I hate to blame the JDK, but we tried 1.6 for our production
webapp and it was crashing too often. Unless you need 1.6,
you might try 1.5. --wunder

On 8/16/08 1:54 PM, "Chris Harris" <[EMAIL PROTECTED]> wrote:

> On Sat, Aug 16, 2008 at 4:33 AM, Grant Ingersoll <[EMAIL PROTECTED]> wrote:
>> What version of Java do you have on Linux?
> 
> The Java version on *Linux* (where I'm seeing the trouble):
> 
>     java version "1.6.0"
>     OpenJDK Runtime Environment (build 1.6.0-b09)
>     OpenJDK 64-Bit Server VM (build 1.6.0-b09, mixed mode)
> 
> I'm pretty sure this is the latest one from the Ubuntu repository.
> 
> Maybe I should try the official Sun HotSpot build instead. I'm not
> finding any complaints about OpenJDK on the Lucene list, though.
> 
> The Java version on *Windows* (where I created the initial compound
> format index) is an official Sun build:
> 
>     java version "1.6.0_06"
>     Java(TM) SE Runtime Environment (build 1.6.0_06-b02)

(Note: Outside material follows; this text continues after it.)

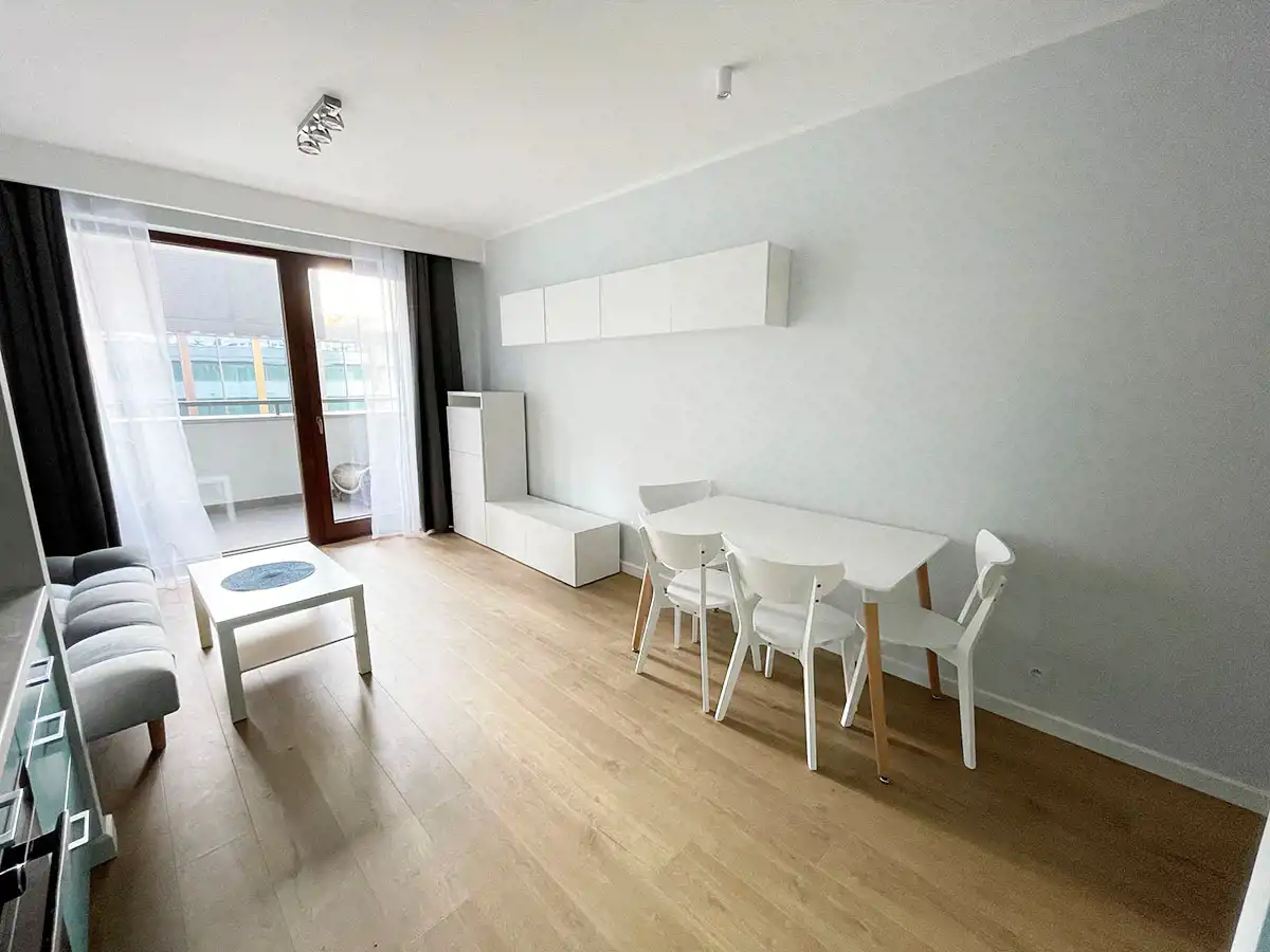 Salon umeblowany jest w rozkładaną sofę, stolik kawowy, stół z krzesłami, szafkę RTV oraz z wyjściem na balkon.

>     Java HotSpot(TM) Client VM (build 10.0-b22, mixed mode, sharing)
> 
>> Also, is this easily reproducible?  How many threads are you adding
>> documents with?  What is your Auto Commit setting?
> 
> I think it takes 12-24hr to get the index to screw up, so while I did
> reproduce it once, I haven't yet tried again. Intuition says that if I
> repeat the same procedure the same problem would arise. Of course,
> what would be nice is if I could figure out how to reproduce it more
> quickly, with a smaller index, and a simpler schema.
> 
> I'm adding documents with 5-10 threads. Since I'm using the rich
> document update handler
> (https://issues.apache.org/jira/browse/SOLR-284), there's going to be
> PDF and HTML conversion going on within Solr alongside the normal
> analysis and indexing.
> 
> Autocommit is:
> 
>     <autoCommit>
>       <maxDocs>100000</maxDocs>
>       <maxTime>1800000</maxTime>  <!-- 30 min -->
>     </autoCommit>
> 
>> Can you try Lucene's CheckIndex tool on it and report what it says?
> 
> Working on that now. It should take some time, though, due to the index size.
> 
>> 
>> On Aug 15, 2008, at 1:35 PM, Chris Harris wrote:
>> 
>>> I have an index (different from the ones mentioned yesterday) that was
>>> working fine with 3M docs or so, but when I added a bunch more docs,
>>> bringing it closer to 4M docs, the index seemed to get corrupted. In
>>> particular, now when I start Solr up, or when when my indexing process
>>> tries add a document, I get a complaint about missing index files.
>>> 
>>> The error on startup looks like this:
>>> 
>>> <record>
>>>  <date>2008-08-15T10:18:54</date>
>>>  <millis>1218820734592</millis>
>>>  <sequence>92</sequence>
>>>  <logger>org.apache.solr.core.MultiCore</logger>
>>>  <level>SEVERE</level>
>>>  <class>org.apache.solr.common.SolrException</class>
>>>  <method>log</method>
>>>  <thread>10</thread>
>>>  <message>java.lang.RuntimeException: java.io.FileNotFoundException:
>>> /ssd/solr-9999/solr/exhibitcore/data/index/_p7.fdt (No such file or
>>> directory)
>>>        at org.apache.solr.core.SolrCore.getSearcher(SolrCore.java:733)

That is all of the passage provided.